2003 July 26 Saturday
George Will On George W. Bush As Enemy Of Conservatism

George F. Will doesn't explicitly call Bush an enemy of conservatiism. But he certainly argues that in many ways Bush's decisions are undermining many conservative causes. Will explores how it is that George W. Bush, a man who seems to have basic strongly held conservative beliefs, is pursuing policies that are contrary to the beliefs of most conservatives.

Today a conservative administration is close to asserting that whatever the facts turn out to be regarding Iraqi weapons of mass destruction, the enforcement of U.N. resolutions was a sufficient reason for war. If so, war was waged to strengthen the United Nations as author and enforcer of international norms of behavior.
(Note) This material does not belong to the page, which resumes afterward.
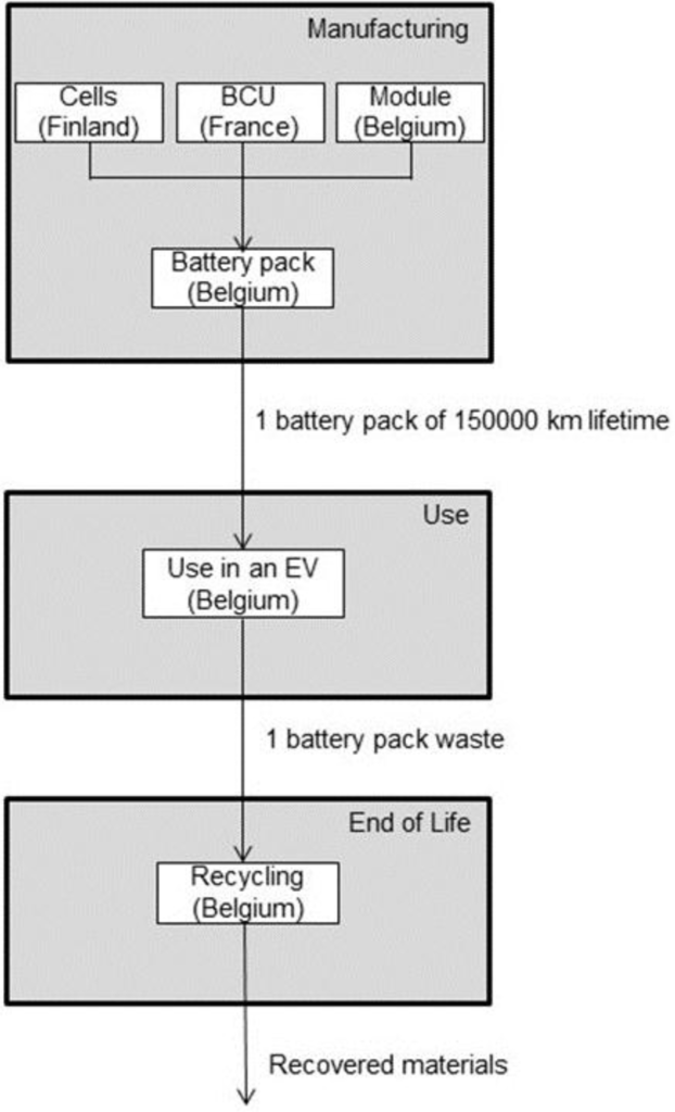 The manufacturing of the ESS is divided into three main components: battery cells, battery control units (BCUs) and modules. The manufacturing of the cells, both HE and HP, is located in Finland, the BCUs are produced in France and the modules and assembly of the final product take place in Belgium. The transport of materials and intermediate products is also considered in the study.

Bush isn't just doing this in foreign policy. He's doing it on domestic issues as well.

The conservative faction that focuses on constitutionalism and democratic due process winced when the president seemed to approve of Justice Sandra Day O'Connor's opinion affirming the constitutionality of racial preferences for diversity in higher education -- and perhaps in many other spheres of life. The concept of group rights -- of government complicity in allocating wealth and opportunity on the basis of skin pigmentation -- now has a conservative president's imprimatur.

Bush's desire to woo the Hispanic vote has led him to effectively abandon opposition to racial preferences while still giving minimal lip service to the idea that they are a bad thing. He had a chance to come out strongly against racial preferences in the University of Michigan case but overruled US Solicitor General Theodore Olson and had White House aides write a brief to the Supreme Court that gave Sandra Day O'Connor the space in which to write a ruling that allows racial preferences for blacks and Hispanics to remain in place.
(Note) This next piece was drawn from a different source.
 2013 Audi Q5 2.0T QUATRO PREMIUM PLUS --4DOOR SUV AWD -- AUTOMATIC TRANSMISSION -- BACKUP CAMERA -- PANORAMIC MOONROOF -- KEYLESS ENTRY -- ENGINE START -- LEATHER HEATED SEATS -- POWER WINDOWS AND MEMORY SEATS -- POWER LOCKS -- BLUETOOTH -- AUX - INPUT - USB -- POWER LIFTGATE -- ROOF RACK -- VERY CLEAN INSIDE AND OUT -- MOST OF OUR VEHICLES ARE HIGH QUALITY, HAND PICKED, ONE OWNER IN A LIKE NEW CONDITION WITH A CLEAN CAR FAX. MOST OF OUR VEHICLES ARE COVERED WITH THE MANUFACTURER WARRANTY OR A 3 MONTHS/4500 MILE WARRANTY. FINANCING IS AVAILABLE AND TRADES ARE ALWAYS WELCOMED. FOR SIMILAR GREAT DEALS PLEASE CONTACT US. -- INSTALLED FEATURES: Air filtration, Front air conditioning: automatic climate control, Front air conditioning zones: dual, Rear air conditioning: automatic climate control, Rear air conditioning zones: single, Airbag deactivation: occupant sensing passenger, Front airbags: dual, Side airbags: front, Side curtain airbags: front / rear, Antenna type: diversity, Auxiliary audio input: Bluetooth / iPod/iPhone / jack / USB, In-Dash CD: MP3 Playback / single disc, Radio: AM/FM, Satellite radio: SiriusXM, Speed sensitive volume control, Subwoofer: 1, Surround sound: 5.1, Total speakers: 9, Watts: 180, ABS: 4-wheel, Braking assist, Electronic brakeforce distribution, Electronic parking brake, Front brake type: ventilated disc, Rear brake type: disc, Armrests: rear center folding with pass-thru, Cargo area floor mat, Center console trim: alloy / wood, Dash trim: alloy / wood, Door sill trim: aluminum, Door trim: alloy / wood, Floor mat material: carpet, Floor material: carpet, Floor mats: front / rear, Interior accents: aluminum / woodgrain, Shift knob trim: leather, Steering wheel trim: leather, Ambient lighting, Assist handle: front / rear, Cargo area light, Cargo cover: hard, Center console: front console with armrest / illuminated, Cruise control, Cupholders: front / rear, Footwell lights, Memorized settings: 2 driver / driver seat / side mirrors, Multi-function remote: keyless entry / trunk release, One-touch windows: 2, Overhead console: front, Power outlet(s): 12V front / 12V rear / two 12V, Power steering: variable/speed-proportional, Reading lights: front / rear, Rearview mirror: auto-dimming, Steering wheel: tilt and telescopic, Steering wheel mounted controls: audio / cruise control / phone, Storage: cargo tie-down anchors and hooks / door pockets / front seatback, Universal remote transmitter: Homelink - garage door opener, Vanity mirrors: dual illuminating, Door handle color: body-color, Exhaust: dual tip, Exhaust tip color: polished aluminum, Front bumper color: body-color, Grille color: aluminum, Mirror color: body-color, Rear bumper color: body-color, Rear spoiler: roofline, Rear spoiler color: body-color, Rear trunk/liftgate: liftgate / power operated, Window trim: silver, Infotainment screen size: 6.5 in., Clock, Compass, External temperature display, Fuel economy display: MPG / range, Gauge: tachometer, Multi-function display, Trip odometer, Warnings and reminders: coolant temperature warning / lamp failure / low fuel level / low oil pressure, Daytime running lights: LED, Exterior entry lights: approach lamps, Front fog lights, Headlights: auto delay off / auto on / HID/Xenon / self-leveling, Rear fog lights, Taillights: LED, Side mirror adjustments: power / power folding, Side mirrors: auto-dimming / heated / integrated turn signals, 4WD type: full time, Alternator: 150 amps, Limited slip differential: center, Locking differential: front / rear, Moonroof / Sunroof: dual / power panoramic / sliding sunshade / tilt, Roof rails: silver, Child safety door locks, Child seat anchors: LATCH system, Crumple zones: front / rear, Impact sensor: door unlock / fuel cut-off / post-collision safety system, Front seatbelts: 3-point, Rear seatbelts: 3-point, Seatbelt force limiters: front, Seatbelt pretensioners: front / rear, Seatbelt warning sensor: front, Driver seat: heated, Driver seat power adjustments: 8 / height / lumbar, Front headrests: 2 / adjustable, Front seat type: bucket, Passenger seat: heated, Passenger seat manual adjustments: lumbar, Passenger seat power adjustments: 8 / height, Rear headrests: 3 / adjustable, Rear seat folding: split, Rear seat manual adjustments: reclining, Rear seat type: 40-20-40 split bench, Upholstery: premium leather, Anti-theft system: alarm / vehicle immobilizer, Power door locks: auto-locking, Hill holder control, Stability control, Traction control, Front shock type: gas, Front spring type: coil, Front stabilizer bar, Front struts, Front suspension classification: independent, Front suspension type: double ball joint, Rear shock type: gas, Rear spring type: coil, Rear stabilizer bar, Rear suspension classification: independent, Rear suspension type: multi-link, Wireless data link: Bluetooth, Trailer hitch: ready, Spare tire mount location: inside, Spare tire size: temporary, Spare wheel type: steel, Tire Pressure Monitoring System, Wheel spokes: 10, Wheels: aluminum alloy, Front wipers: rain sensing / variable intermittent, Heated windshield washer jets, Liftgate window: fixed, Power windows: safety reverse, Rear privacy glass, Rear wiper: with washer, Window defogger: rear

Will speculates that the Bush Administration has placed a high priority on avoiding fights on cultural questions. I think Bush places a very high priority on getting elected and thinks that is far more important than the long term future of the Republican Party.
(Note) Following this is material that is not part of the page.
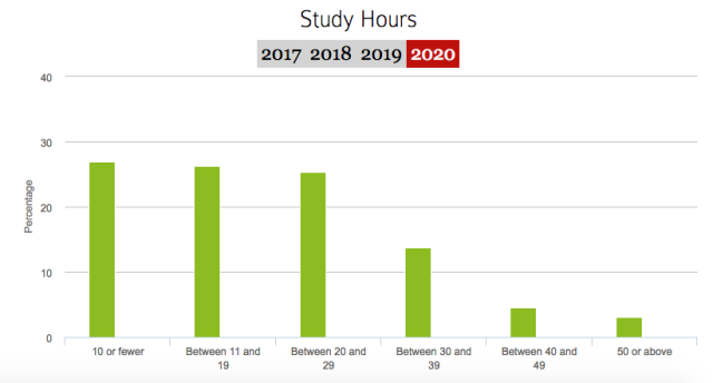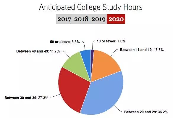 本次调查结果显示,2020届新生中,高中时期每周学习时长超过50小时及以上的仅为3.1%,相较2019届仅有0.1%的涨幅;平均保持在10至30小时的占多数,看到这样的数字对比,必须感慨一句,果然学霸们都是在冥想时顺带学习的。

My biggest (but far from only) problem with Bush on foreign policy is that I seriously doubt he will make the moves that will prevent Iran and North Korea from building large numbers of nuclear bombs. Also, he is not pursuing a long term energy policy that will eliminate the world's reliance on Middle Eastern oil. As long as that reliance exists the Middle East is going to be a continuing threat to US national security.

Share |      By Randall Parker at 2003 July 26 01:47 PM  Politics American Domestic


Comments
John Moore (Useful Fools) said at July 26, 2003 8:40 PM:

Will is certainly right when it comes to the culture wars and other domestic policy issues. Bush is a moderate on much of domestic policy, with his inexcusable support for the "diversity" opinion and his increased social spending.

I think Will is wrong about the Iraq justification, as the Bush administration has offered a number of conservative reasons having nothing to do with the UN.

As far as his fear about Iran and Korea becoming nuclear states, I agree. I thought GWB would take out the Korean fuel rods and reactor before the rods were moved and reprocessing. This apparently didn't happen (HOPEFULLY because he had intelligence information we aren't privy to, and not just because he was afraid to do it).